╔══

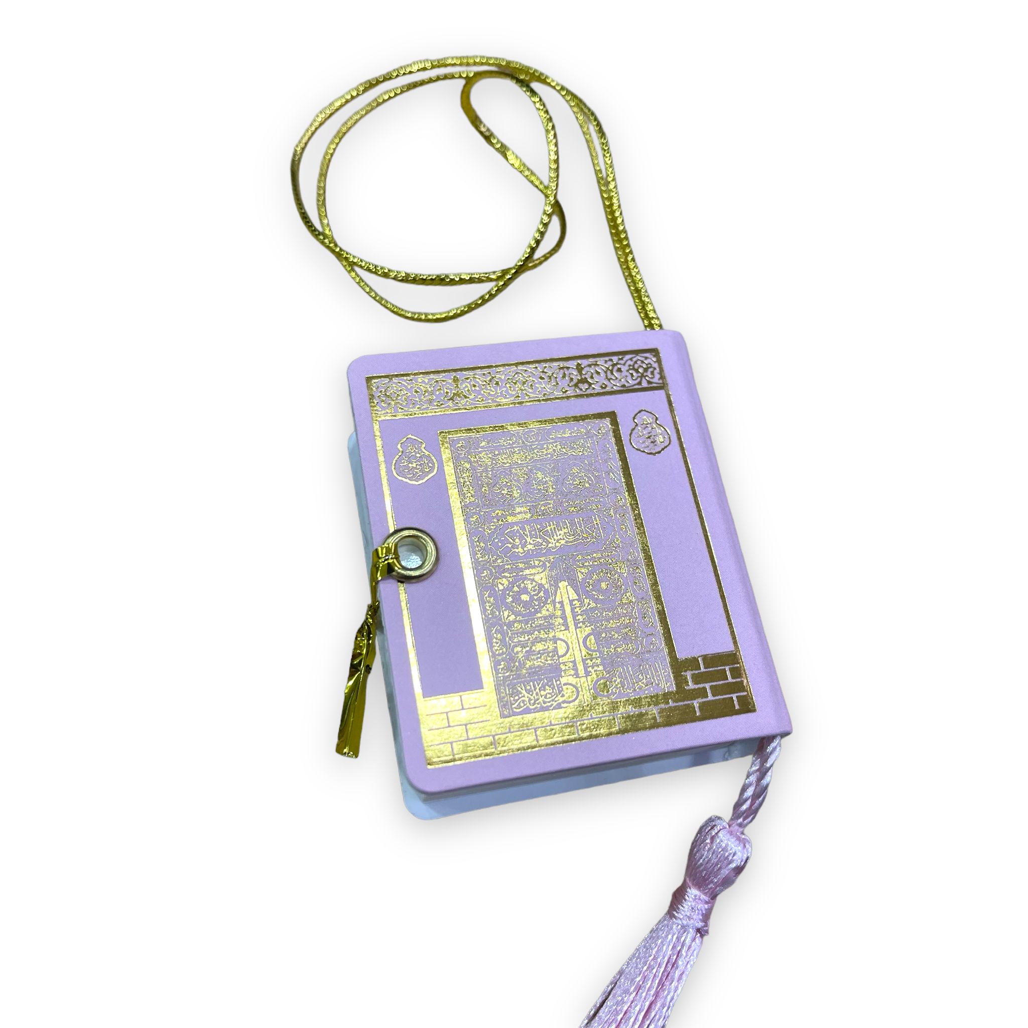 - Üstünde Kabe deseni olan yaldızlı ofset mini Kuran-ı Kerim 5x6 cm ölçüsündedir.
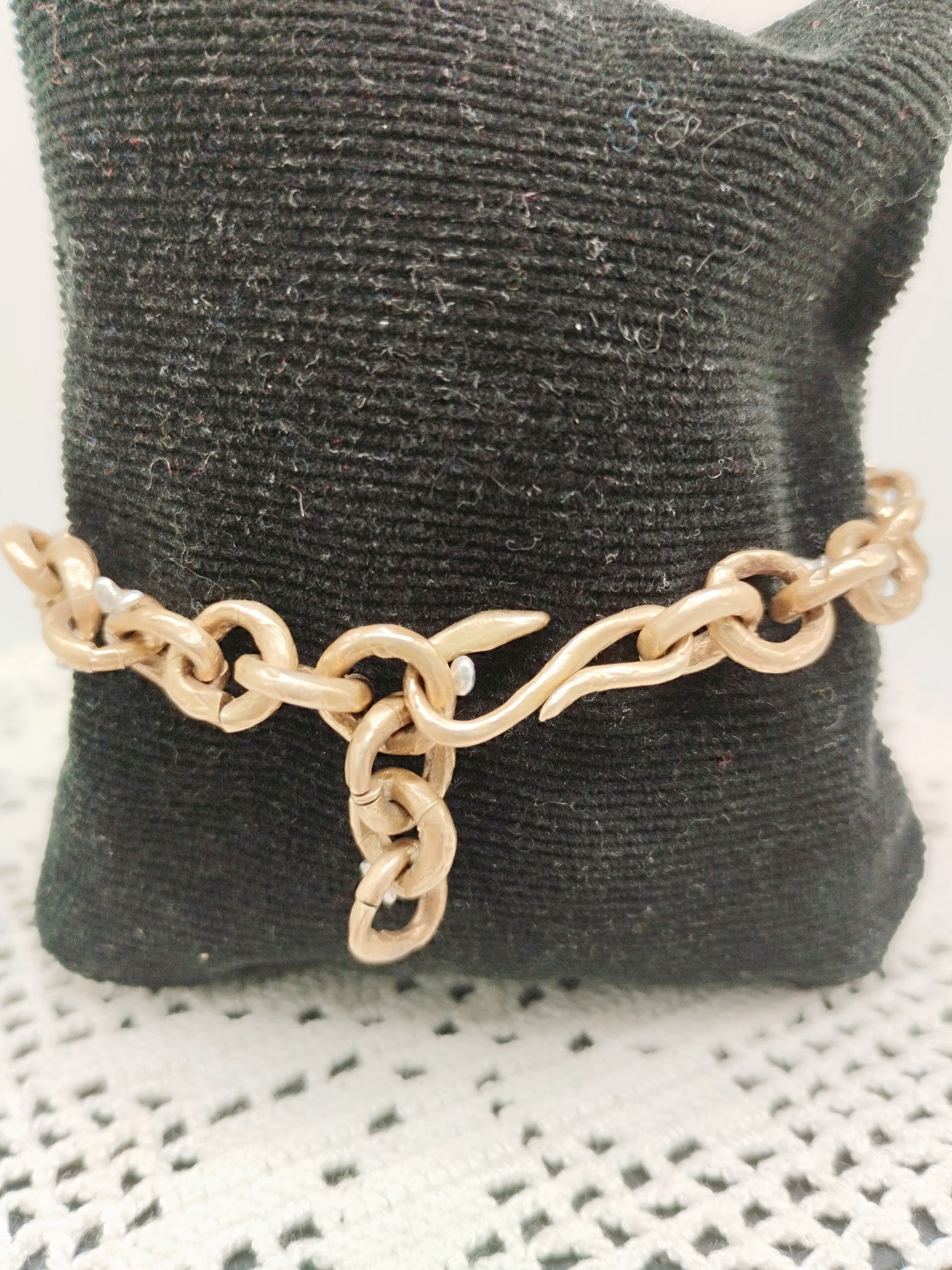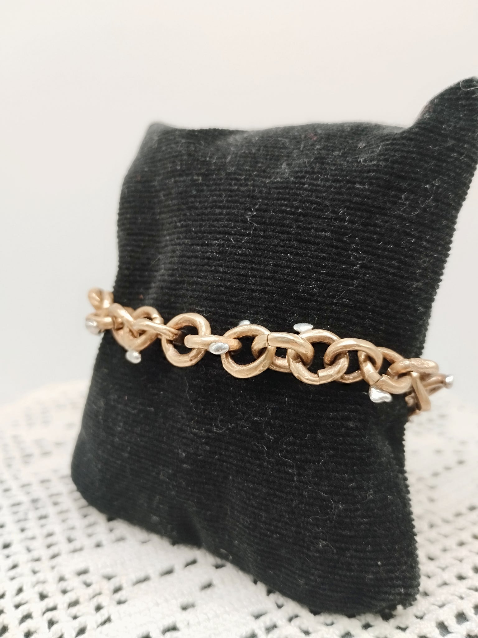 Bracciale realizzato da maglie simmetriche in bronzo, pepite in argento 925. Lunghezza sui 19 cm, è regolabile.
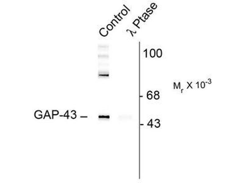 Specific for the ~50k Gap-43 protein phosphorylated at Ser41 in Western Blots of Rat brain lysate. In some tissues the antibody also recognizes a higher molecular weight protein that is also recognized by the pan Gap-43 antibody, that may be a Gap-43 aggregate or oligomer. Immunolableing is blocked by the phosphopeptide used as antigen but not by the corresponding dephosphopeptide. Immunolabeling is completely eliminated by treatment with lambda-Ptase.
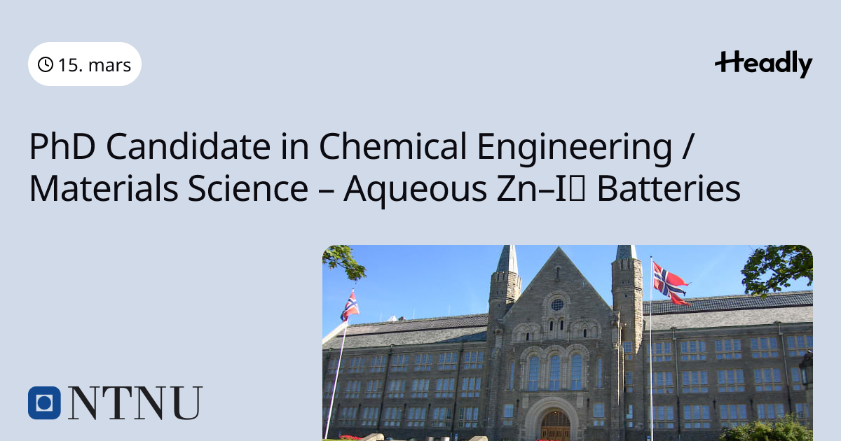 PhD Candidate in Chemical Engineering / Materials Science – Aqueous Zn–I₂ Batteries
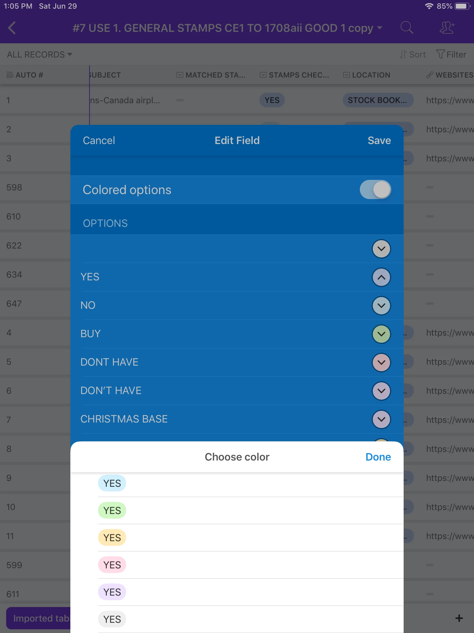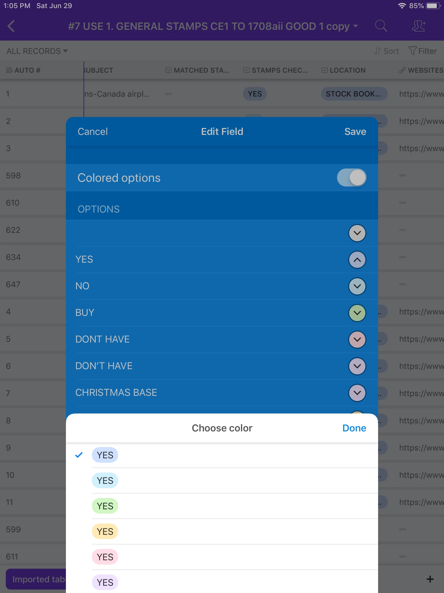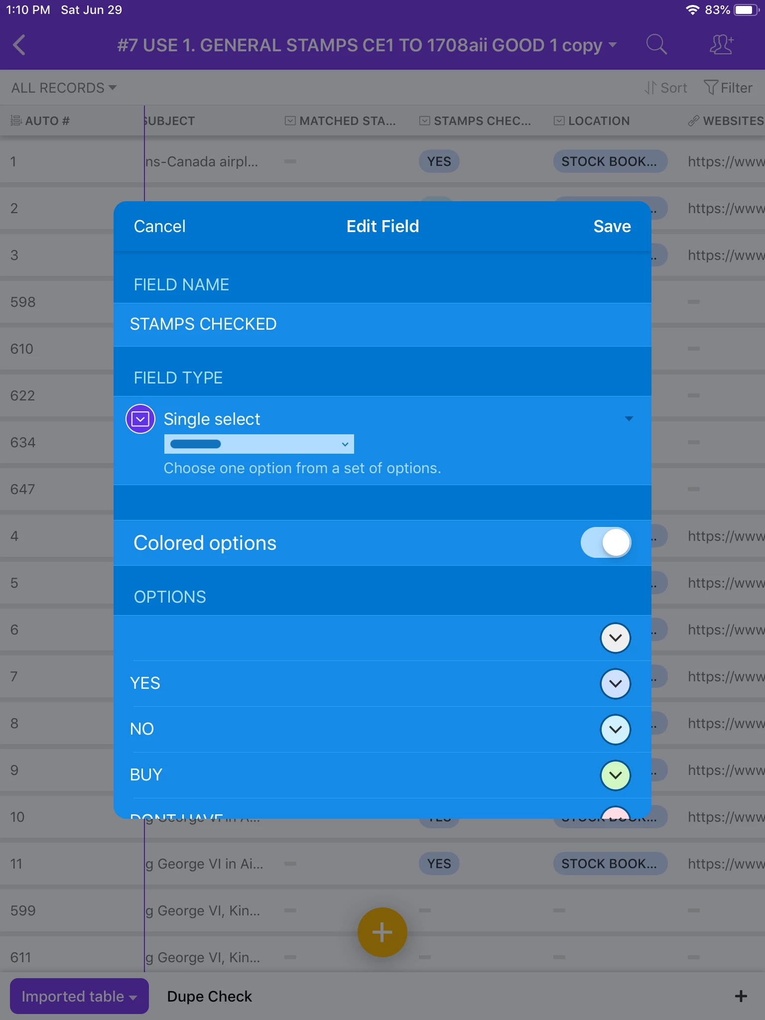 For a bit more information, as you know, Single select option is for choosing one item, per record, but there is Multiple select option, where you can choose more them one item, per record. The colours are the same for both field options.

╚══

Give back exactly the run of lines that opens the material above and ends at the line with "Bracciale realizzato da". Omit the pictures.

 - Üstünde Kabe deseni olan yaldızlı ofset mini Kuran-ı Kerim 5x6 cm ölçüsündedir.
 Bracciale realizzato da maglie simmetriche in bronzo, pepite in argento 925. Lunghezza sui 19 cm, è regolabile.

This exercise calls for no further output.